Hey everyone, thanks to ALL of you on the forum, I have produced my first gold button! 

4.70grams


----------



## Scott2357 (Mar 17, 2010)

C'mon give us details  Source materials, process used,etc.?


----------



## ljmolina (Mar 17, 2010)

I just followed Steve's videos... step by step using the AP method. Thats all really.


----------



## Scott2357 (Mar 18, 2010)

That's cool. But was it from one specific type of material like CPUs, pins, fingers, etc. or a mix and about how much of it?


----------



## ljmolina (Mar 18, 2010)

This button was produced by 1.36 lbs of fingers only.

I have another batch going with cpus only, which most of the gold gone into the AP solution.


----------



## Barren Realms 007 (Mar 18, 2010)

Scott2357 said:


> That's cool. But was it from one specific type of material like CPUs, pins, fingers, etc. or a mix and about how much of it?



These answers you should obtain mostly on your own. Not that people shouldn't share info but each individual processes diffrently and therfore will possibly get diffrent results. Keep up with what you process and your results on what you process and you will find where you make mistakes and can correct them. This only comes with experience. 8)


----------



## Barren Realms 007 (Mar 18, 2010)

ljmolina said:


> This button was produced by 1.36 lbs of fingers only.
> 
> I have another batch going with cpus only, which most of the gold gone into the AP solution.



Almost 3-1/2 grams per lb. Those were some nice fingers. Good luck on your CPU's


----------



## samuel-a (Mar 18, 2010)

this is very good yield for fingers, i to would like to know the source of the fingers.
did you process one type of boards or just a mix of what ever boards you had?


----------



## ljmolina (Mar 18, 2010)

I will post pictures of the boards I used when I get more. (I should of taken some before the process)

but for the meantime, The main bulk of my fingers were from old IBM 7015 R40 servers. Most of the I/O cards have 4 sloted fingers per card, additional the memory boards are also I/O cards that conntect to the main board, which they have 2 sloted fingers but with two rows... I know it sounds confusing but trust me its alot.
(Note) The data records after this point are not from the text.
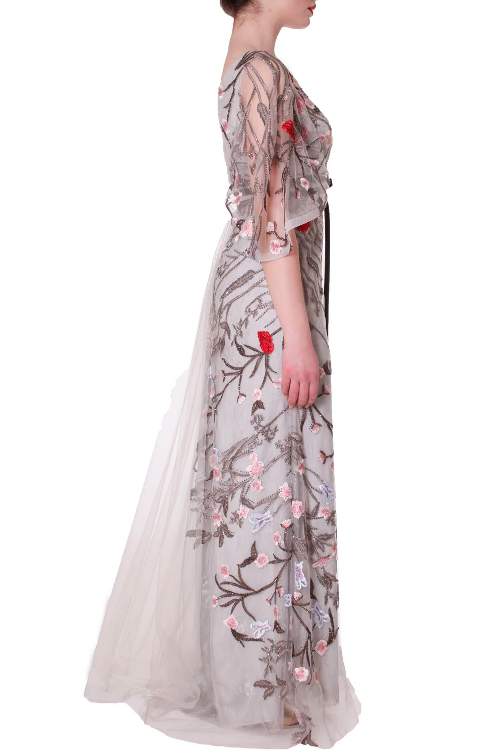 Abito lungo in tulle grigio con ricami ramage e fiori a contrasto.
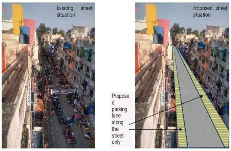 - मुख्य मार्ग के केंद्रीय भाग को छोड़कर दुकानों के सामने व्यवस्थित पार्किंग बनाई जाएगी।
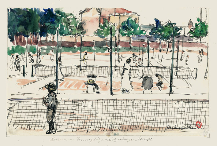 9 Erich Büttner Hosemann Tennisplätze Lietzenburger Straße Tuschfeder, aquarelliert, signiert, bezeichnet, 128 x 200 mm, um 1930 *€ 450,-
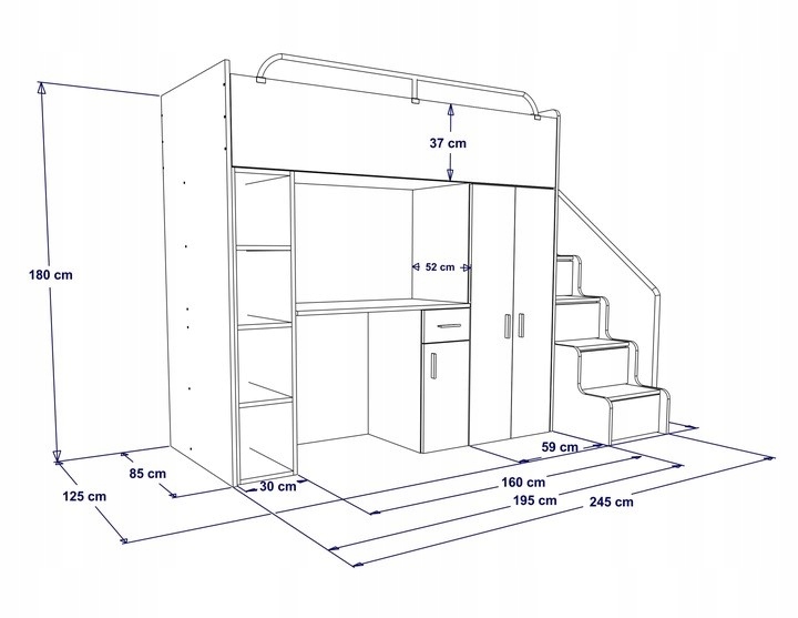 - верхняя кровать площадью спального места 80х190.
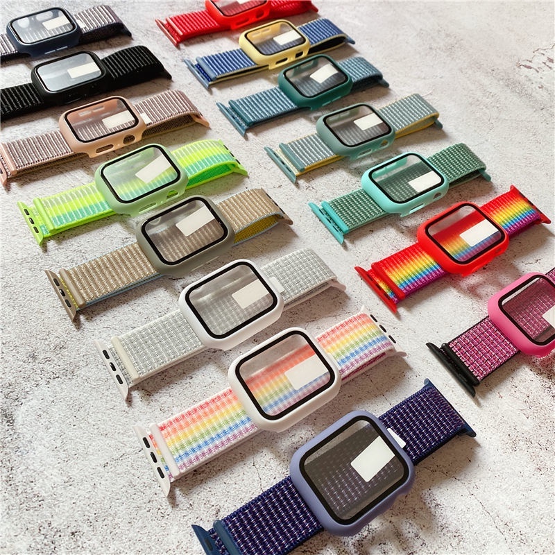 Bracelete Esportiva De nylon + Caixa De Vidro Para Pulseira De Maçã 44mm 40mm 45mm 41mm 42mm 44/45mm iWatch Série Ultra 8 se 7 6 5 4 3 2 1 Capa
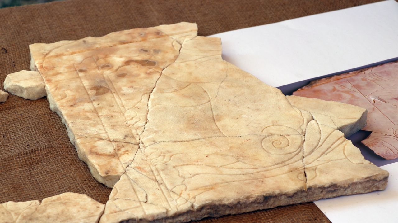 Mermer levhalara kazıma tekniğiyle işlenen figürlerin, Mısırlılaştırılmış bir dekorasyon programına ait olduğu belirlendi.

To put it into prospective ... for example

Here is a standard video Card 
|||||||||||||||||||||||

Here is a memory board 
||||||||||||||||||||||| ||||||||||||||||||||||
||||||||||||||||||||| ||||||||||||||||||||


Also in the old Compaq Drive Array's the drive tray that connects the drive to the backplane is all gold (In some models)
the whole circuit board is laced in gold instead of just the fingers and the rest in copper. ( again I will post pictures when I get more)


----------



## glorycloud (Mar 19, 2010)

An old Risc 6000 (RS6000). 8) 

I really should contact some of my old dealer bud's and
see what they're doing with all that old iron. :lol: 

Nice finger yield and a nice button amigo!!!!!!


----------



## goldenchild (Mar 20, 2010)

Congrats! Whatever you do dont sell it. Save it and look back at how good it felt to make your first button.


----------